Renewable Fuels Standard Creates More Problems Than It Solves
The Renewable Fuels Standard (RFS) will remain intact — at least for now.
The Renewable Fuels Standard (RFS) will remain intact — at least for now. It is unfortunate that a handful of Republican senators were seemingly willing to derail tax reform and approve nominees to the Environmental Protection Agency to keep this government mandate in place, which will do very little to bring long-lasting prosperity to rural America or decrease U.S. dependency on foreign oil.
Wanting to bring high-quality jobs to rural America, one of the reasons some Republicans support the RFS, is an understandable and noble goal. Small communities across the United States have seen scores of their young people move to larger cities to find work. I’ve experienced this feeling firsthand. I grew up on a farm in Wisconsin, but I knew I’d have to leave to find a good-paying job.
One of the biggest worries in countless rural towns is most of the younger people are moving to larger cities because there simply aren’t enough high-quality jobs available. However, if lawmakers want to create lasting wealth in rural America, they should pursue developing and enhancing industries that do not require government mandates to remain profitable. Subsidized industries will inevitably fade away.
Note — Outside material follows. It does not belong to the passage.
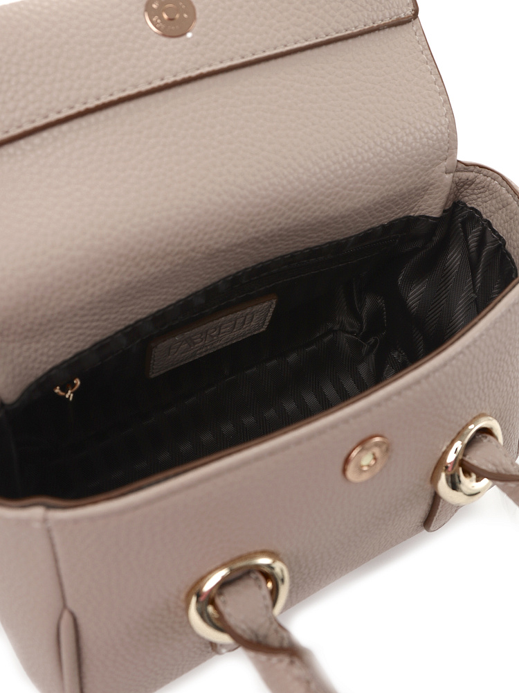 Миниатюрная женская сумка сэтчел итальянского бренда FABRETTI из нежной экокожи с мелкозернистой фактурой в теплом кофейно-бежевом оттенке со светло-коричневой отделкой швов. Классическая маленькая прямоугольная сумочка с клапаном на магнитной кнопке – идеальный городской аксессуар, вместительный, но компактный и хорошо сохраняющий геометрию формы.Внутри два кармана – на молнии и открытый. Короткие ручки скрепляются ремешком на кнопке.Сумка дополнена съемным регулируемым ремнем на карабинах, с пряжкой. Длина ок. 125 см. Цвет фурнитуры – золото.Эта модель может быть как главным аксессуаром как для будничного офисного образа с брючным костюмом или платьем-футляром, так и для выходного дня, с джинсами, футболкой и кедами. Съемный тонкий ремешок позволяет мгновенно трансформировать сумку из элегантного сэтчела на плече в строгий клатч для вечера или деловой встречи.

The Renewable Fuels Standards provided a temporary shot in the arm to rural communities by increasing the demand for corn and soybeans needed for fuel. However, high corn and soybean prices led to increasing costs of growing these crops, as the price of farmland, seed and machinery increased as people sought to expand their operations to take advantage of the high prices. This situation was unsustainable and eventually created many economic hardships for farmers.
In 2005, the average cost of rent for farmland in central Illinois was $147 per acre, but after seven years of the ethanol mandate, the price of farmland had nearly doubled, to $270 per acre. Similar increases in land prices have occurred throughout the nation’s Corn Belt. This is problematic, because when we think of ways to help young people stay in rural America, we often see them taking over the family farm. Sadly, this has become increasingly difficult, in part because small-to-medium-size farms have a harder time accessing financing and loans, which makes competing against large farms more difficult.
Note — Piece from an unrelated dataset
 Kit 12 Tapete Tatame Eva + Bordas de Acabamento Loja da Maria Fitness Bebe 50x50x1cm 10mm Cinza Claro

The RFS created a false sense of security for many farmers and biofuels manufacturers, encouraging them to make risky decisions they may not have otherwise taken. Many farmers purchased machinery at inflated prices under the false impression the RFS would keep corn and soybean prices high. However, high prices for corn and soybeans encouraged farmers to plant more corn and soybeans, causing prices to fall.
Now, many farmers are in a position in which they must try to repay the debt they incurred even as corn and soybean prices have fallen below the artificially inflated peaks spurred by the onset of RFS.
Not only has RFS distorted grain markets and encouraged bad investment, it has done very little to reduce America’s dependence on foreign oil. It is true net oil imports have fallen by about 65 percent, but this is because hydraulic fracturing has nearly doubled American oil production over the past decade. This dramatic increase in oil production happened in spite of government policies, not because of them.
Biofuels should be available for the consumers who want them, but the biofuels industry should be forced to compete on a level playing field. Mandates imposed by EPA, in the long run, make the challenges facing rural communities more difficult.